Below are lines of records; copy exactly those from the one containing "beijihui,A claymation squirrel" through the one containing "1. Click [Blu-ray] 선입금 from Cafe menu bar.", leaving the pictures behind.

Records for processing
⁂
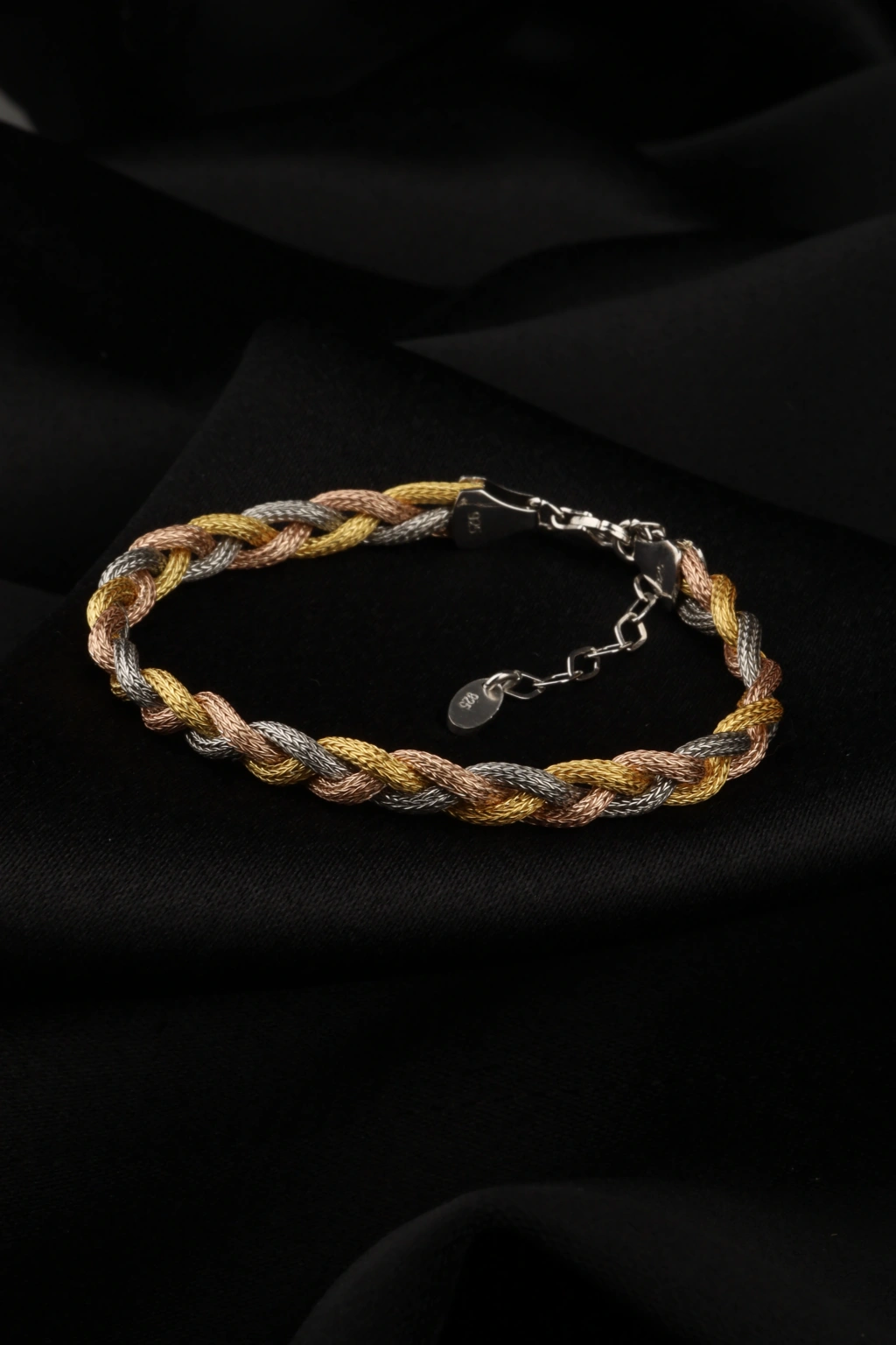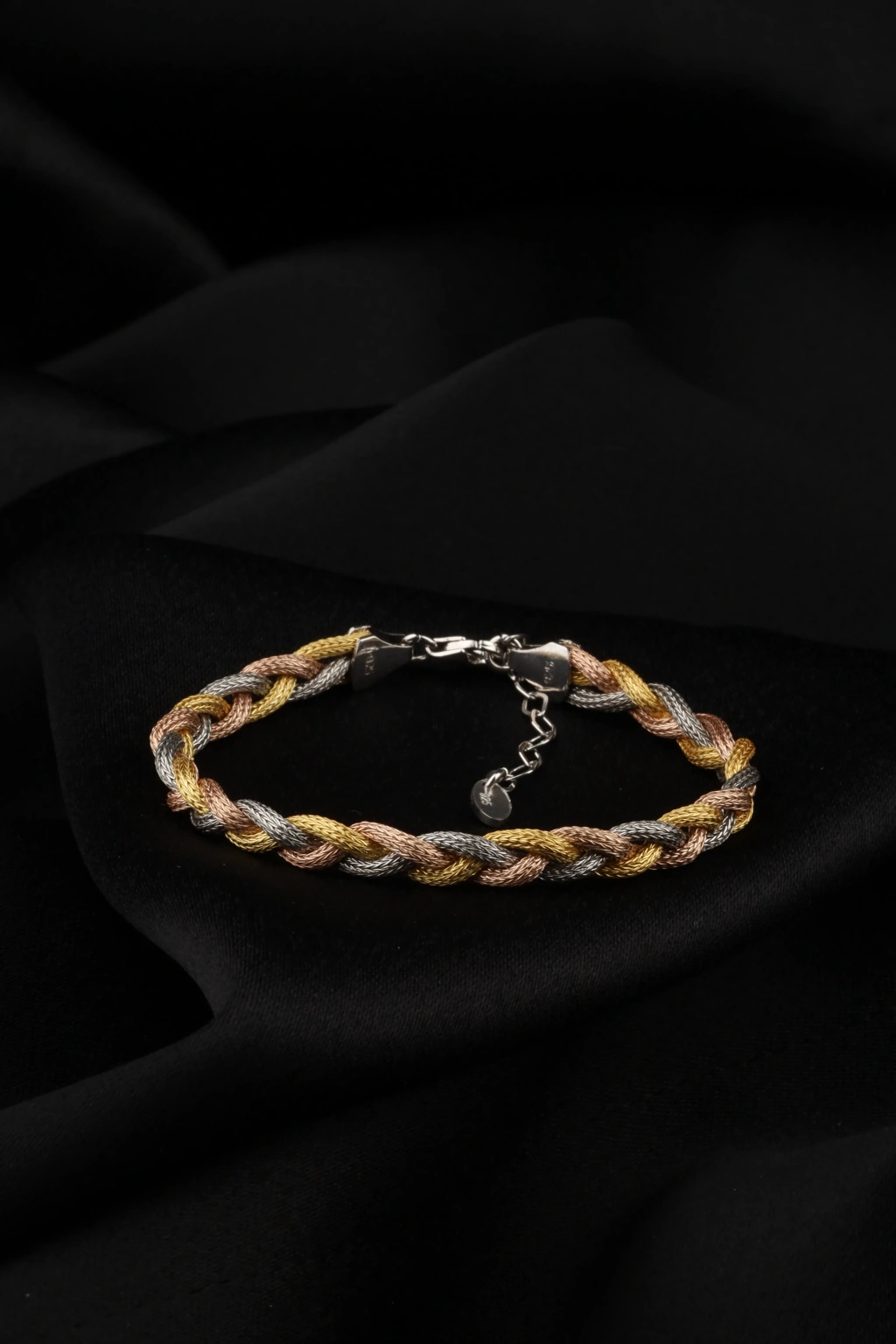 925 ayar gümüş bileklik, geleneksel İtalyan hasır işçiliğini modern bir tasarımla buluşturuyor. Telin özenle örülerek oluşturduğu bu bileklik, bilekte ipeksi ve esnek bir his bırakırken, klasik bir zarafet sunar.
⁂
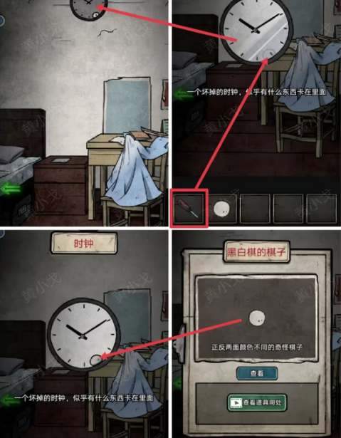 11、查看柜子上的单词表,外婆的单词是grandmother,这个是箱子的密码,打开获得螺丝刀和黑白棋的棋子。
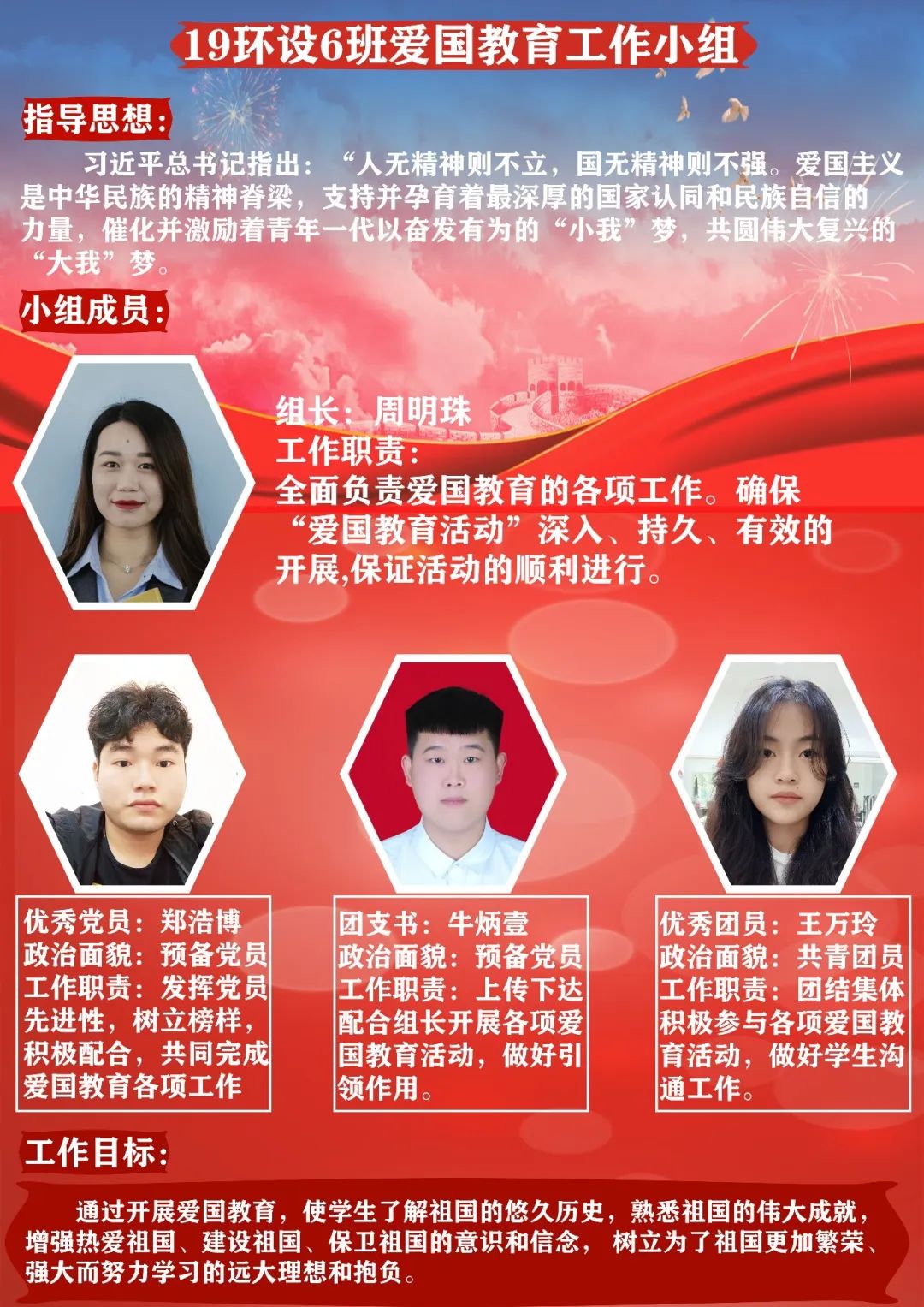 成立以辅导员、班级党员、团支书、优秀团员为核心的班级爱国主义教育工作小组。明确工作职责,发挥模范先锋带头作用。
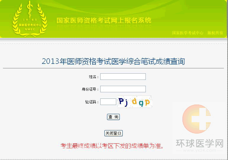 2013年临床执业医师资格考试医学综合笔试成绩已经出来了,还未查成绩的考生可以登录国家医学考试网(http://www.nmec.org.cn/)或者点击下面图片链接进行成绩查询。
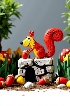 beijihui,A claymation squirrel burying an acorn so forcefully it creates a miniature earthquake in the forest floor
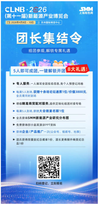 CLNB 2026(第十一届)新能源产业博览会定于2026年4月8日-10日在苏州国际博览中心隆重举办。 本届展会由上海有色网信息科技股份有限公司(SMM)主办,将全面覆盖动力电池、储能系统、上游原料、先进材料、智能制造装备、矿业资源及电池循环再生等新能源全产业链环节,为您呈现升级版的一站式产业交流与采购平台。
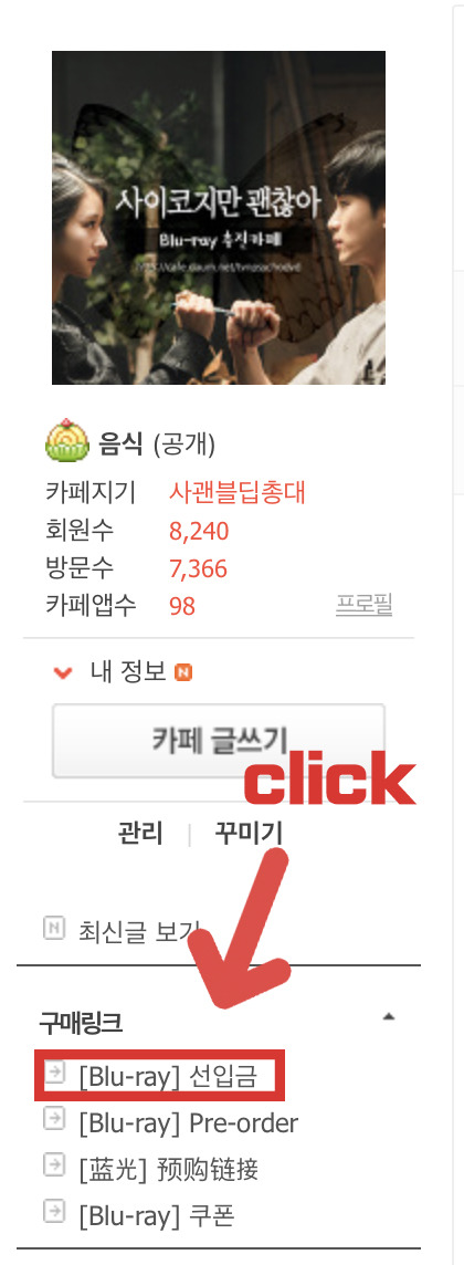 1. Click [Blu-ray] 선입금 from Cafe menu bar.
⁂
Exercise answer
 beijihui,A claymation squirrel burying an acorn so forcefully it creates a miniature earthquake in the forest floor
 CLNB 2026(第十一届)新能源产业博览会定于2026年4月8日-10日在苏州国际博览中心隆重举办。 本届展会由上海有色网信息科技股份有限公司(SMM)主办,将全面覆盖动力电池、储能系统、上游原料、先进材料、智能制造装备、矿业资源及电池循环再生等新能源全产业链环节,为您呈现升级版的一站式产业交流与采购平台。
 1. Click [Blu-ray] 선입금 from Cafe menu bar.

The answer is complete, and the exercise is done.